Protecting your business against the ‘5 Ds’

Disaster protection sounds like a no-brainer, but business operators often don’t think about protecting the business from the disability or death of an owner or key employee until it’s too late. When it’s too late, it’s really too late because a forced liquidation of the business could be the result if you’re not prepared for an unfortunate event.

Protecting the business from the disability and death of an owner or key employee is one of six pillars identified in MassMutual’s 2018 Business Owner Perspectives study. Yet there is a strong tendency to procrastinate on this vital task, as more than half of the survey respondents say they rarely or never think about it, and only about 40 percent say they have the requisite buy-sell agreement in place.

“I think that [procrastination] is true of life in general,” says Tim Powers, president/CEO of MassMutual Wisconsin. “Most people don’t think about their own mortality or morbidity. I think we all tend to think we’re not mortal and that nothing bad is going to happen but, ultimately, we know that we’re not going to be here sooner or later. The planning is very important and so is making sure key employees know that planning is taken care of.”

Not buying it

The aforementioned buy-sell agreement is especially important in protecting the business. While the buy-sell agreement derisively has been called the business equivalent of a prenuptial agreement, operators would be lost without a fully-funded and signed buy-sell in place. Buy-sells protect the business from the five Ds — death, disability, divorce, departure, and disqualification. When properly executed, this legally binding agreement can ensure the continuity of the business when ownership changes hands; it requires one party to sell and another party to buy ownership interest when a triggering event takes place.

They have to be fully funded in accordance with the current value of the business, and so updating your business valuation on an annual or semi-annual basis is a key component. The usual funding mechanism is an insurance product, usually life insurance in combination with disability buy-out insurance. Failure to fully fund the agreement can result in the remaining owners being forced to liquidate business assets or take operating cash out of the business to purchase the aforementioned ownership interest from the departing owner or his or her family.

As noted above, one of the risks is that the business might have to be liquidated if ownership isn’t prepared. According to the MassMutual study, of those with a buy-sell agreement in place, only 35 percent say it’s funded with life insurance and only 18 percent say it’s funded with disability buy-out insurance. Sad to say, but the rest are funded with cash flow from the business due to the lack of pre-planning. If you’re in a position where you have to liquidate, and you don’t have any other options, “you’re basically driving down the value of your business because you’re in this position where you have to sell assets, or you have to use operating cash,” says Andrew Klein, financial advisor and CEO of Focal Point Financial Strategies. “It puts you in a really tough spot to get value for your business if you have to do it in an immediate situation.”

“We do a lot of buy-sell agreements,” states Powers. “A lot of them are funded with insurance or a sinking fund. Both of those are very easy to set up, and we see a lot of them in legal documents, but they are unfunded. The buy-sell agreement really doesn’t have a lot of power unless it’s funded correctly. That’s where the planning comes in.”
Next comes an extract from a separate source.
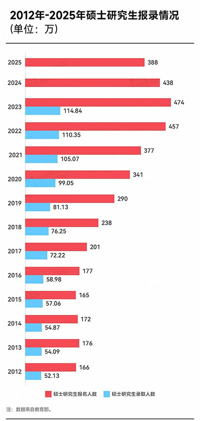 2023 年考研报名人数达到了 474 万的高峰,2024 年稍有下降,为 438 万。而到了 2025 年,报名人数大幅降至 388 万,相比上一年减少了整整 50 万人。从这些数据可以清晰地看出,考研人数的下降趋势明显且幅度较大。

Even if the buy-sell agreement is fully funded, the question of leadership transition remains, notes JP Aime, financial advisor and president of Focal Point Financial Strategies. “Who takes over the role of that business owner within the organization?” Aime asks. “You talk to them and ask them who can do what you do in the business? Very often, they say, ‘Well, nobody can really do what I do in the business.’ The follow up question is: Why do you think that’s the case? The answer we typically get is, ‘I’ve never trained anybody to do what I do.’”
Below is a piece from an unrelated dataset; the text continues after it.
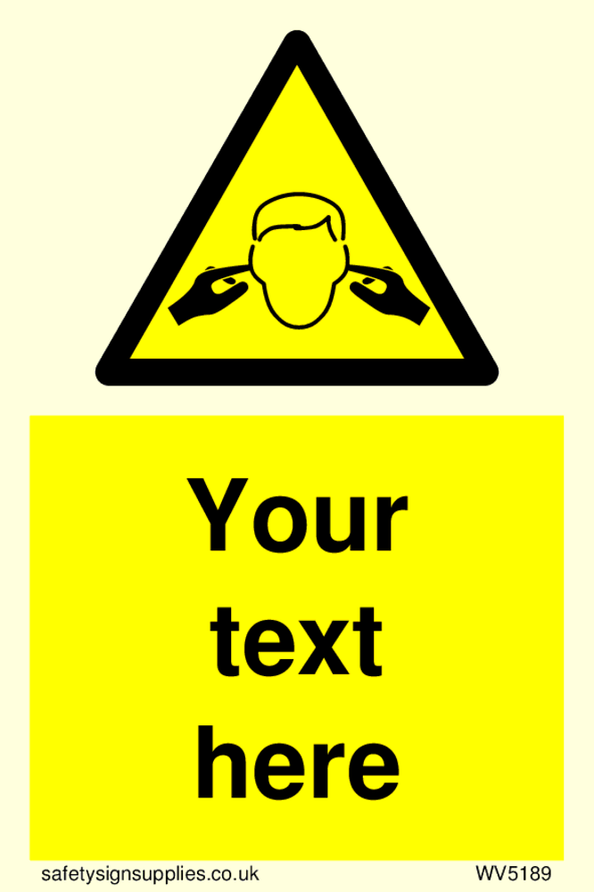 Suitable for mounting on a door. Suitable for mounting on a smooth surface Custom signs contain the text required by the customer. With your your text and a standard safety sign symbol - a bespoke sign can fit any requirement.

A disability buy out is an often-overlooked piece of the buy-sell arrangement, Aime adds. “In most cases, the operating agreement has been in there, but there isn’t a funding mechanism. “So, there is a way to do that,” he says. “There is insurance in the marketplace that doesn’t pay a monthly disability claim. It pays a lump sum based on the parameters set out within the buy-sell. So, death happens 100 percent of the time, but while someone is active in a business, disability is a much more likely event than a premature death.”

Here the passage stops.